I have an oceanic 42g hex tank that I pulled out of storage and brought in
to my new workplace.

In deciding how to stock the tank I am considering african cichlids.

I've read up, and there is a concern I have before I take the plunge and realize I shouldn't have.

Most sources I have read talking about territories reference long tanks to have horizontally adjacent territories. If I am talented with my rock sculpting, will the cichlids be ok with more vertically aligned territories (since the tank is tall instead of long).
(I plan on drilling holes through my rocks and using acrylic rod to stabilize to keep the guys from undermining and rocks falling over)

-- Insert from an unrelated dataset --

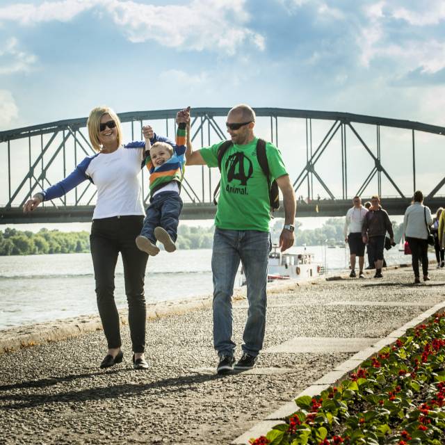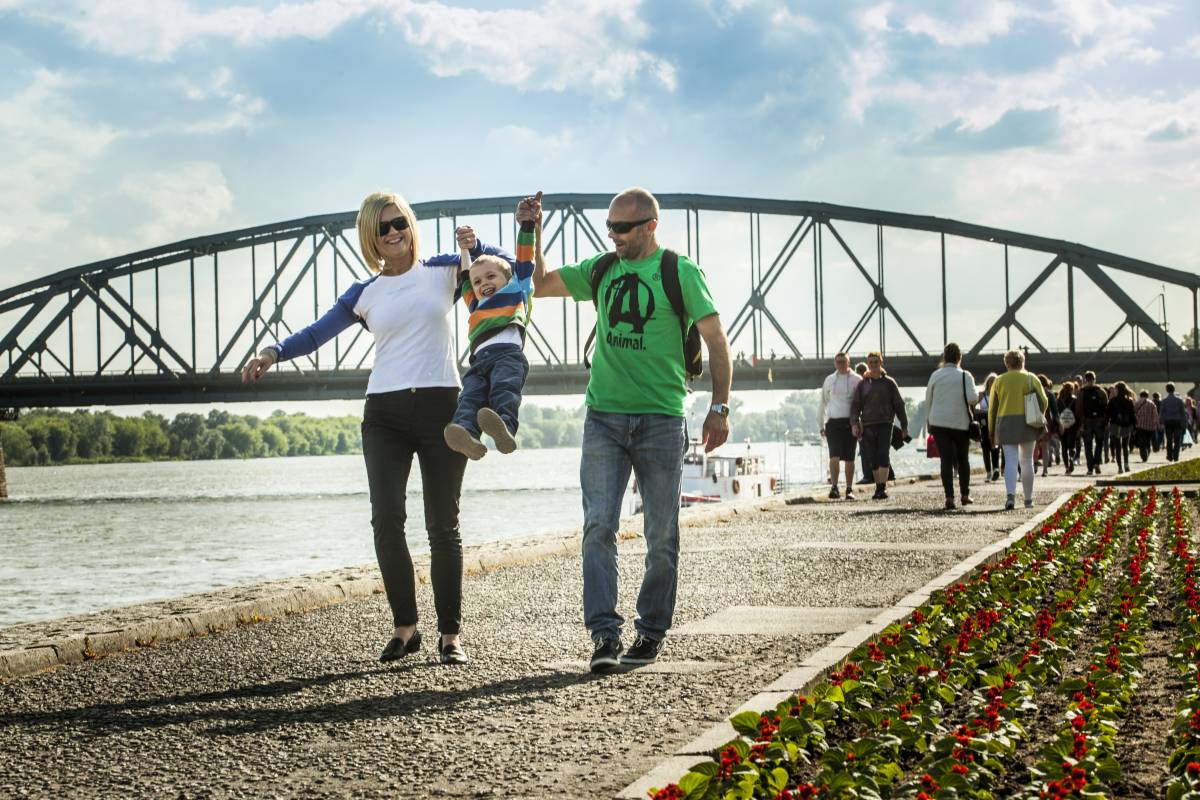 Będąc w grodzie Kopernika koniecznie wybierz się na spacer po Bulwarze Filadelfijskim. Jego nazwa pochodzi od Filadelfii – amerykańskiego miasta partnerskiego Torunia. Ulubione miejsce spacerowe torunian ciągnie się wzdłuż wiślanego nabrzeża, z którego podziwiać możesz pasmo średniowiecznych murów miejskich z basztami i bramami, zza których wyłaniają się kamienice, wieże gotyckich kościołów i ruiny krzyżackiego zamku. W pobliżu Bramy Żeglarskiej „zacumowała” legendarna łódka „Katarzynka”, która upamiętniona została w filmie „Rejs”, kręconym na toruńskim nabrzeżu w 1969 roku. Pamiątką po tym wydarzeniu jest murek pokryty graffiti z kultowymi filmowymi cytatami.
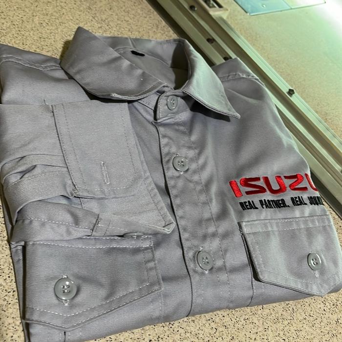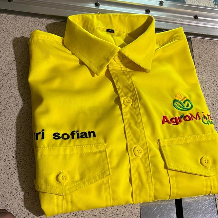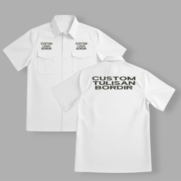 BORDIR KOMPUTER KEMEJA KERJA WORKSHIRT CUSTOM LOGO DAN BELAKANG TULISAN - HITAM, M

I plan on stocking with smaller species - looks like there are several varieties that don't get beyond 3" or so (how many should I be looking at? I see good numbers on 55g, but not 42g - or is 42g too small?)


----------



## majerah1

I have an Oceanic stretch hex and wouldnt do africans. Theres just not enough foot space for the needed territories. In a regular hex(meaning all sides are equal) I wouldnt even consider it.


----------



## dalfed

The reason bottom size is so important is when they stake out there territory, which may only be a foot square, they allow nothing to swim above it as well. You may be able to have an electric yellow species tank The Cichlid Room Companion - Labidochromis caeruleus Trewavas, 1935 by Jessica Miller .Or you could go for some of the shell dwellers with upper level dither fish.


----------



## Manafel

I agree with the shelldweller idea, but there aren't really any upper level dither cichlids that don't need more space. I would go with a planted tank with a few rams and maybe some other fish. The problem is that cichlids don't go vertical with their territories so sculpting the rocks won't help all that much.


----------



## ksuquix

Well, that sounds like the answer I was afraid of. Looks like I should go the safer route, with something I am more familiar with


----------



## tbub1221

you could do dwarf cichlids like GBR or Bolivian rams , or maybe the labs but the previous post are correct IMO , its not always the gallon size but the bottom of the tanks size so that when there seeking dens or areas at the bottom for sleep etc.. they will have the appropriate space. I have some of my cichlids (all smaller fish like you are looking at) In a 45 G Bow front and i think that although its relatively the same volume as what you have its not as deep and has much more bottom tank and foreground area full of caves and drift woodc so everyone has the appropriate or at least needed space. i have a electric yellow with a 2 in Acie and a jewel and as of just 2 days ago a brichardi cichlid also adolescent. but i dont think ill do any more than them in that tank. 
Although a whole bunch of ppl may not agree , at the end of the day its your hobby and your money. i cant say that any 2 fish will or wony make it but i do think that if it was me i definitely would not do anything heavy stocked in it. it could work iv seen stuff that doesn't make since but who am i to say ?? 
But that said i think that if you care enough to ask these questions then you care about your fish and would not want to upset them to bad.
good luck with what ever you decide to do .


----------